Aim of the exercise: Give back exactly the lines from the one that holds "Bikini bottoms with" through the final line of the data; omit the pictures and add nothing.

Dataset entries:

****************

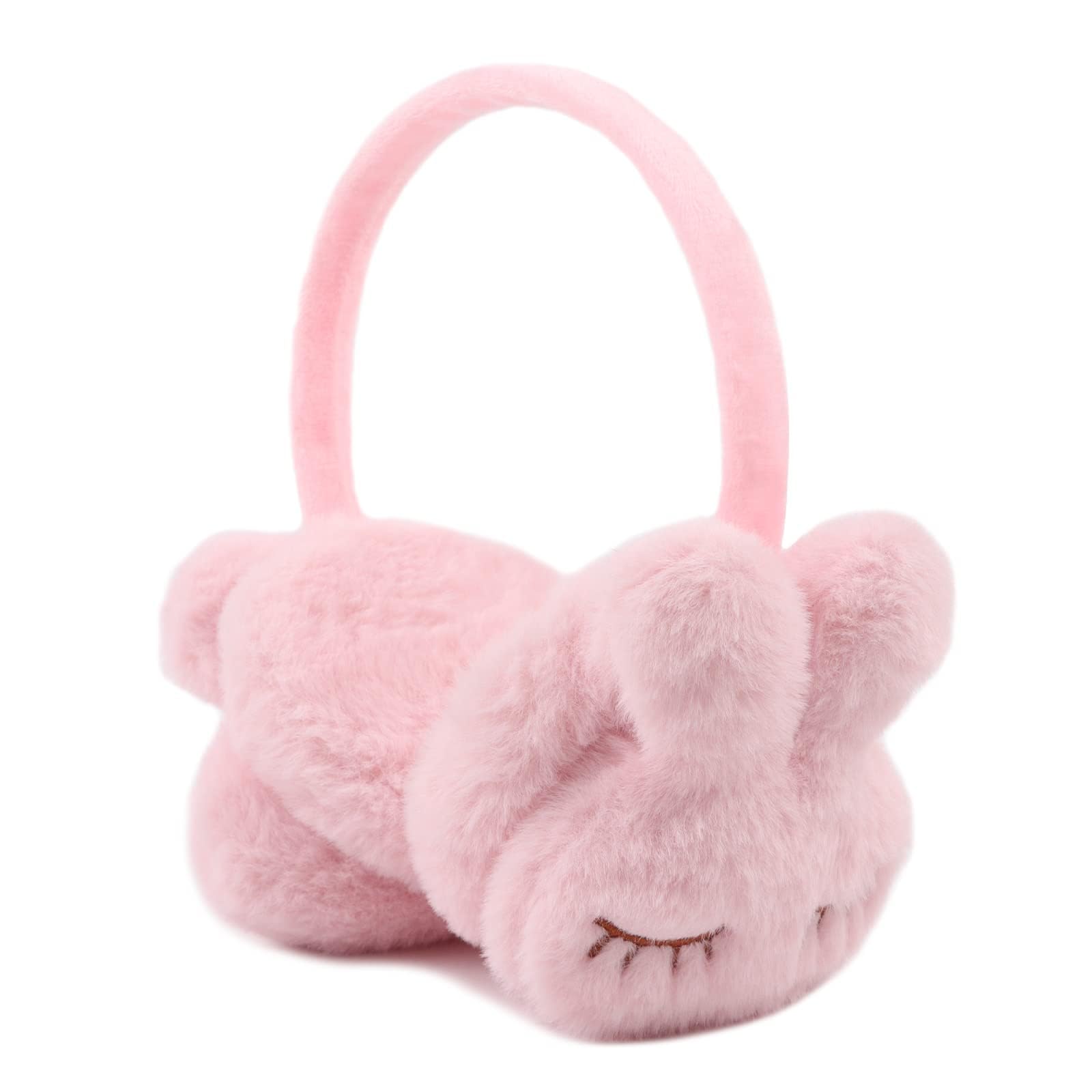 اغطية اذن شتوية للنساء والفتيات للطقس البارد، اغطية مخملية ناعمة لطيفة لتدفئة الاذن، عصابة راس قابلة للطي، غطاء اذن منفوش للاطفال والبنات، ارنب بينك، مقاس واحد
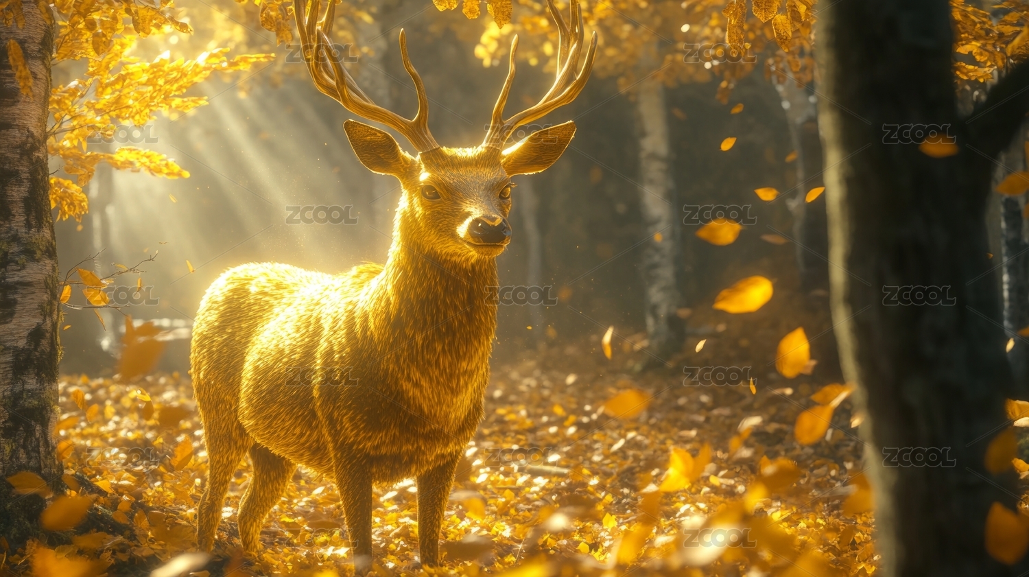 金色鹿在秋日森林中
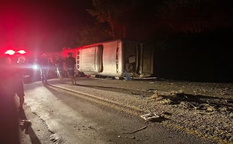 O ônibus tombou por volta das 19h40 de sexta (17) e o acidente deixou a pista interditada até as 4h do sábado (18). Segundo a PRF, o trecho é sinuoso e tem pouca iluminação.
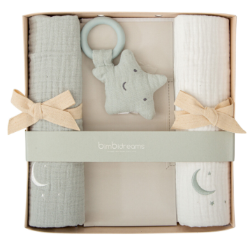 SET DE REGALO GASAS BORDADAS Y ESTRELLA MORDEDOR MATALASSE MENTA
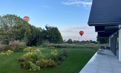 Entrée, cuisine et sanitaires, 3 pièces de réception en enfilade avec une cheminée à feu ouvert, un perron à l'ouest, une bibliothèque.
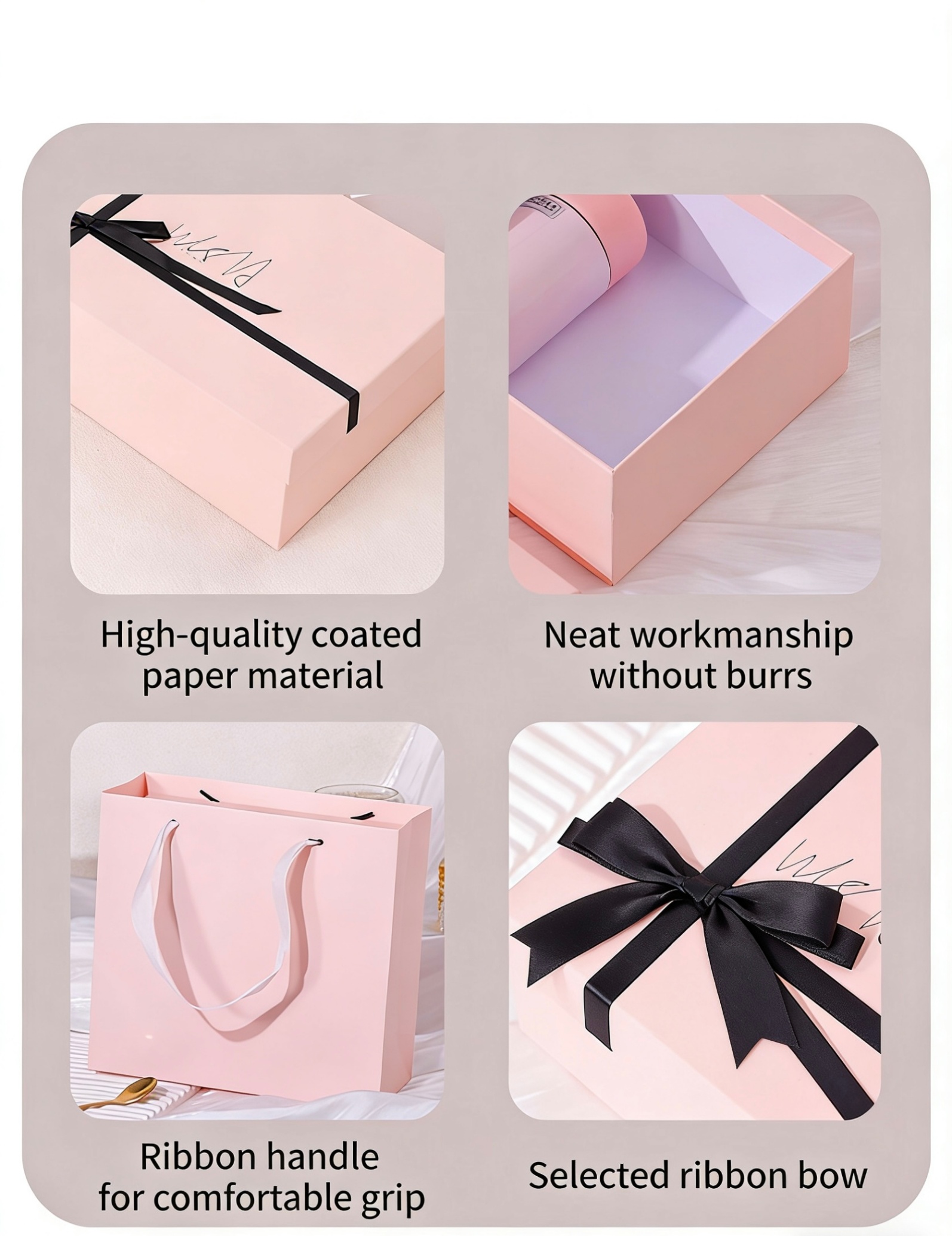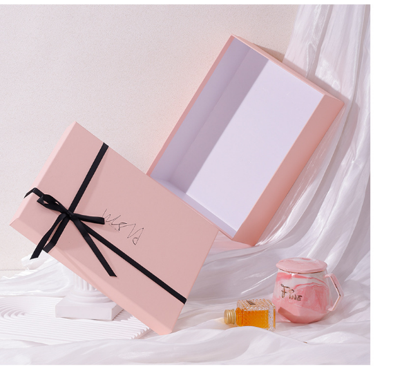 Various sizes Thickened cardboard Sky-and-earth cover box type Thickened copperplate paper material The workmanship is smooth without any rough edges The ribbon handle does not chafe the hand Premium ribbon bowknots
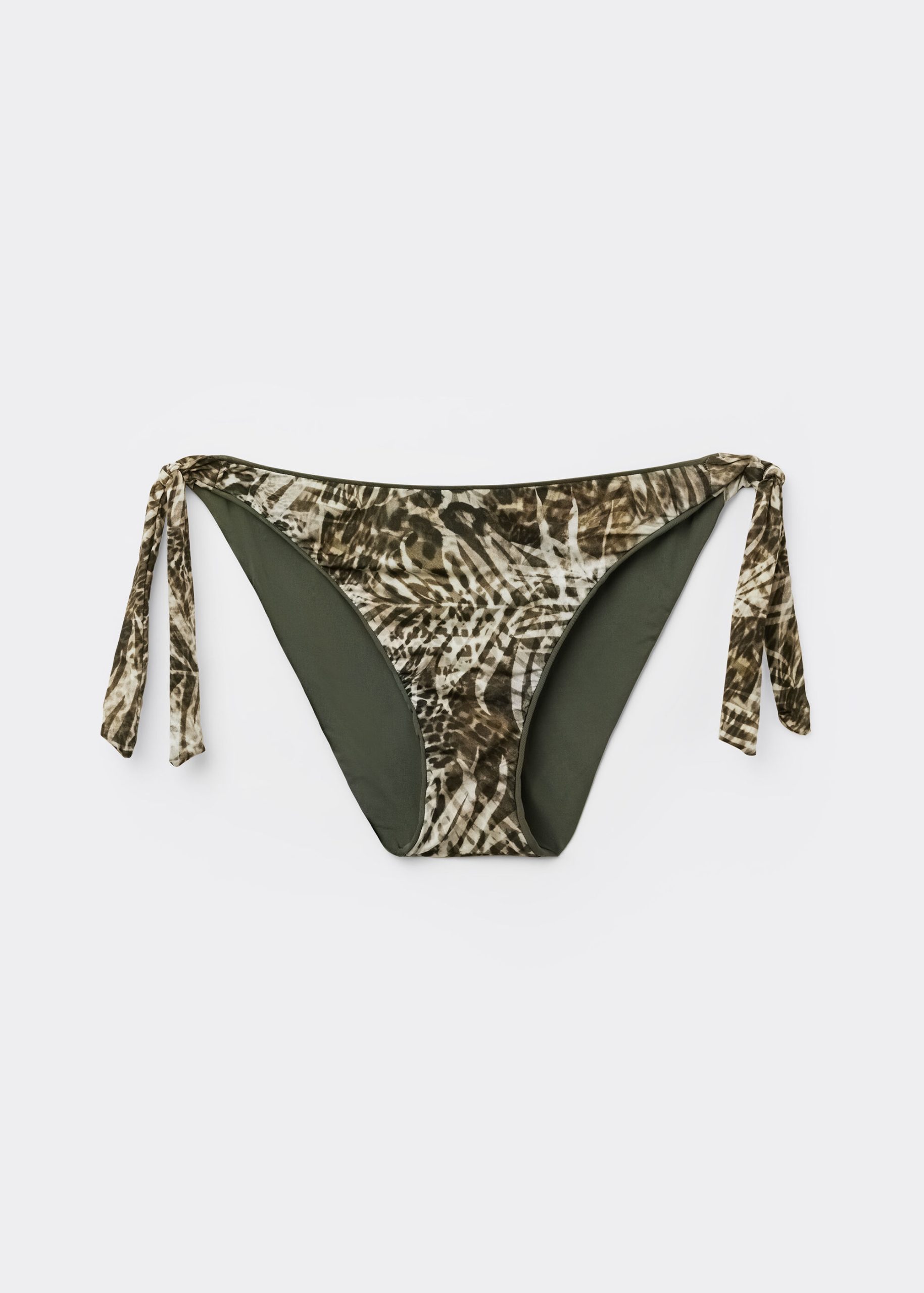 Bikini bottoms with side tie closure to adjust the fit. Reminiscent of animal print, the foliage pattern brings together exotic leaf designs with motifs that evoke markings from the animal world. The slightly rounded waist allows it to be worn either as normal or with the legs higher to show off the physique. Fully lined with invisible seams.
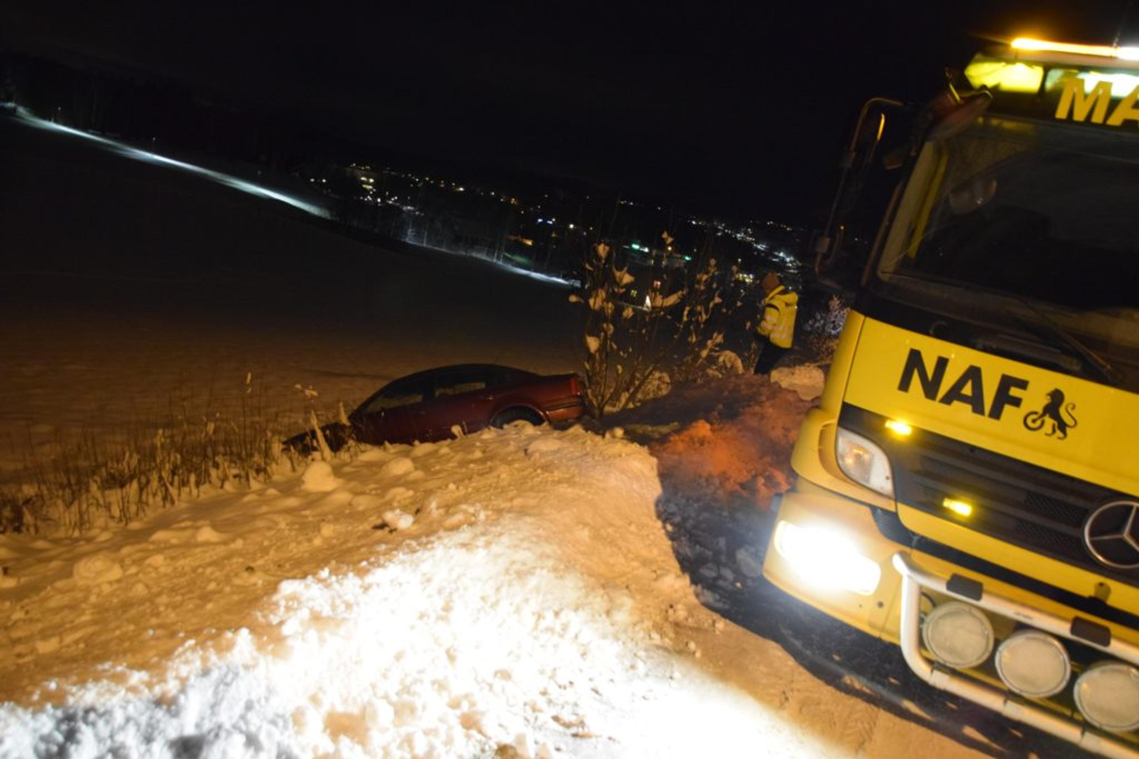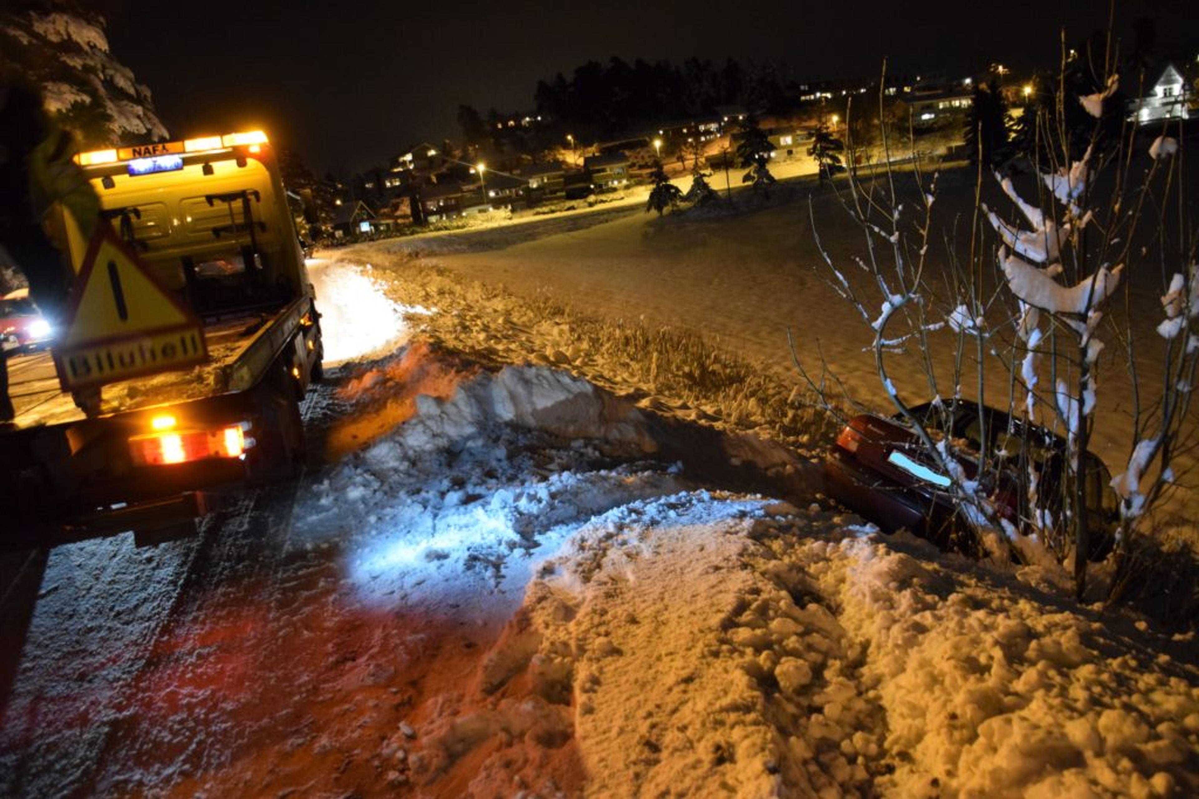 Utforkjøringen skjedde onsdag kveld 29. november, og ved 19-tida var bergningen av bilen langt nedi skråningen i gang.

****************

Solution to this exercise:
 Bikini bottoms with side tie closure to adjust the fit. Reminiscent of animal print, the foliage pattern brings together exotic leaf designs with motifs that evoke markings from the animal world. The slightly rounded waist allows it to be worn either as normal or with the legs higher to show off the physique. Fully lined with invisible seams.
 Utforkjøringen skjedde onsdag kveld 29. november, og ved 19-tida var bergningen av bilen langt nedi skråningen i gang.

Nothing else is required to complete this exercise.